La voie d'excellence
Face aux exigences du marché, les groupements se situent aujourd’hui sur une tangente. Comme le souligne Philippe Coatanea, « les forces logistiques tentent de répondre à un dilemme, celui d’un équilibre entre optimisation des stocks de chaque intervenant dans la chaîne de distribution du médicament, optimisation de la marge et offres et services adaptés au patient consommateur. Ceux qui réussiront seront ceux qui géreront le bon équilibre entre ces trois dimensions ».
À noter qu’à l’instar d’une demi-douzaine d’autres groupements, Alphega est détenu par un grossiste répartiteur. L'estampille répartiteur est également considérée comme « un atout » par Patrick Rémond, directeur du réseau Les pharmaciens associés : « Nous disposons de tous les canaux d’approvisionnement indispensables à la bonne gestion de l’officine : grossiste-répartiteur (CERP Rouen), plateforme d’achat (Centrale des Pharmaciens), accords directs négociés, statut de mandataire (opérations NOOTOOS). La clé de la réussite passe par la complémentarité de ces canaux d’approvisionnement qui permet au pharmacien d’ajuster ses achats en fonction de ses objectifs et de ses contraintes. »

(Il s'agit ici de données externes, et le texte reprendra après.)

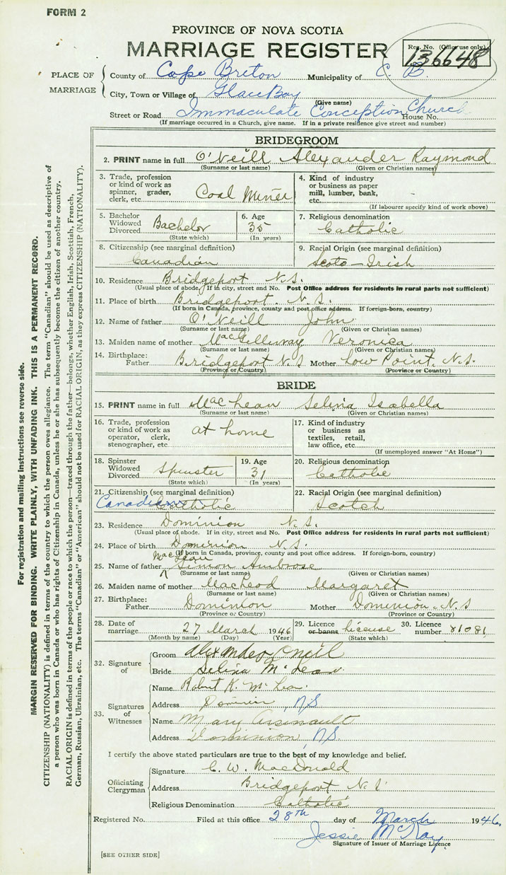 28. Date of marriage March 27 1946 29. By license or banns License 30. License number 81081

Également détenu par la filiale d'un grossiste-répartiteur, PharmaVie estime lui aussi disposer d’une longueur d’avance. « Le stade où les pharmaciens adhéraient à un groupement pour bénéficier uniquement de conditions commerciales est dépassé. Aujourd'hui, l'adhérent veut également se voir proposer une offre globale avec un service logistique intégré », constate Jean Fabre, P-DG du groupement qui s'appuie de 23 plateformes Phoenix Pharma (centrale d'achat et répartition), dont 4 à Paris Ile-de-France. Le groupement, qui assure des prestations logistiques de répartition, de CAP et de dépositaire, fait bénéficier à ses adhérents d’une expertise logistique complète et intégrée et par conséquent d’une offre complète sur toute la chaîne de distribution. Les pharmaciens adhérents peuvent ainsi accéder à des services logistiques de répartition, d’OTC, de génériques et de médicaments, avec Phoenix Pharma et Ivry Lab.
Chez Aelia, l’appartenance au répartiteur Cerp Bretagne-Atlantique est également considérée comme un avantage. « Associé à une force logistique proposant une livraison deux fois par jour, en 24/48 heures sur sa centrale d’achat, l’adhérent peut être réachalandé très rapidement pour répondre aux besoins de ses patients de manière continue, sans rupture d’approvisionnement. L’assurance d’une solution logistique réactive donne par ailleurs toute liberté au pharmacien d’effectuer son référencement selon la règle des 20/80 et de se dépanner des fonds de catalogues uniquement au besoin et avec une rapidité et une traçabilité de produits qui garantissent une fiabilité quasi parfaite », expose Anthony Hurault.
L'ensemble de ces groupements veille cependant rigoureusement à ce que leurs adhérents restent prioritaires par rapport aux autres clients de la répartition. « Les adhérents bénéficient d'une offre VIP dans un environnement de services « cousus main ». À noter que ce service à la carte n'est pas corrélé à la taille de l'officine. Nos adhérents ont accès aux meilleures conditions grâce à une complémentarité entre leur groupement et le répartiteur dans les négociations avec les laboratoires, notamment les génériqueurs, et ce au travers de tous les canaux du groupe », insiste Philippe Coatanea.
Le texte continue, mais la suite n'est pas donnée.